Work instruction: With every picture left out, give the data below back exactly.

[[ Given data, beginning ]]

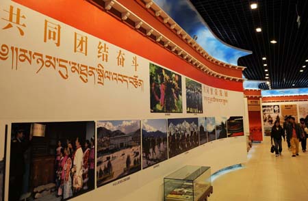 在云南省迪慶藏族自治州香格里拉縣,有一座在全國(guó)藏區(qū)獨(dú)具特色的紅軍長(zhǎng)征博物館。該博物館重現(xiàn)了1936年4、5月間中國(guó)工農(nóng)紅軍長(zhǎng)征途經(jīng)迪慶時(shí)的感人場(chǎng)景及70多年來雪域高原發(fā)生的巨大變化。目前該博物館已經(jīng)成為迪慶藏區(qū)的愛國(guó)主義和革命傳統(tǒng)教育基地,每年吸引近10萬名中外游客和當(dāng)?shù)厝罕娗皝韰⒂^,成為香格里拉旅游的新亮點(diǎn)。這是一些游客在云南省迪慶藏族自治州香格里拉縣的紅軍長(zhǎng)征博物館內(nèi)參觀。 |
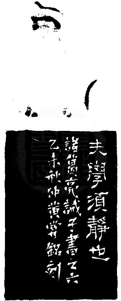 黃嘗銘.六十二歲/刻〔夫學須靜也〕正方白文印。邊款為【夫學須靜也。諸葛亮誡子書之六,乙未秋仲,黃嘗銘刻。】老撾石。
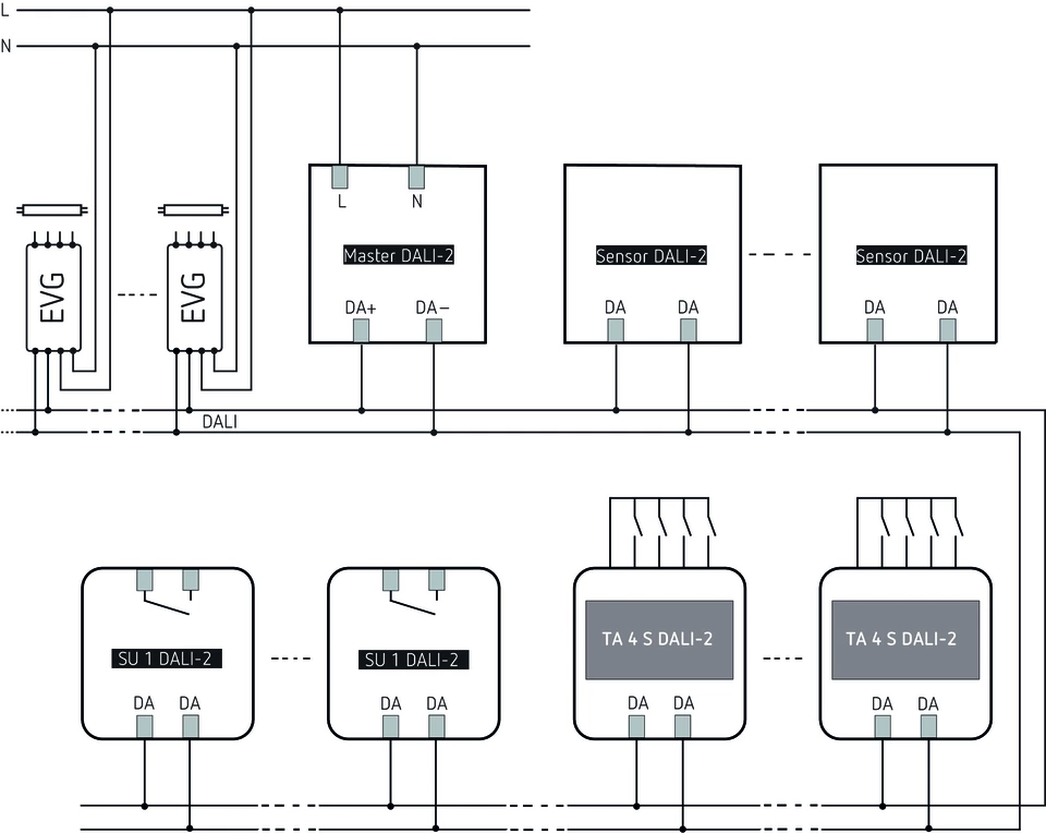 - Analizza le informazioni dalle interfacce a pulsante DALI e controlla attuatori DALI secondo lo standard DALI-2

[[ Given data, end ]]

Solved problem:
 在云南省迪慶藏族自治州香格里拉縣,有一座在全國(guó)藏區(qū)獨(dú)具特色的紅軍長(zhǎng)征博物館。該博物館重現(xiàn)了1936年4、5月間中國(guó)工農(nóng)紅軍長(zhǎng)征途經(jīng)迪慶時(shí)的感人場(chǎng)景及70多年來雪域高原發(fā)生的巨大變化。目前該博物館已經(jīng)成為迪慶藏區(qū)的愛國(guó)主義和革命傳統(tǒng)教育基地,每年吸引近10萬名中外游客和當(dāng)?shù)厝罕娗皝韰⒂^,成為香格里拉旅游的新亮點(diǎn)。這是一些游客在云南省迪慶藏族自治州香格里拉縣的紅軍長(zhǎng)征博物館內(nèi)參觀。 |
 黃嘗銘.六十二歲/刻〔夫學須靜也〕正方白文印。邊款為【夫學須靜也。諸葛亮誡子書之六,乙未秋仲,黃嘗銘刻。】老撾石。
 - Analizza le informazioni dalle interfacce a pulsante DALI e controlla attuatori DALI secondo lo standard DALI-2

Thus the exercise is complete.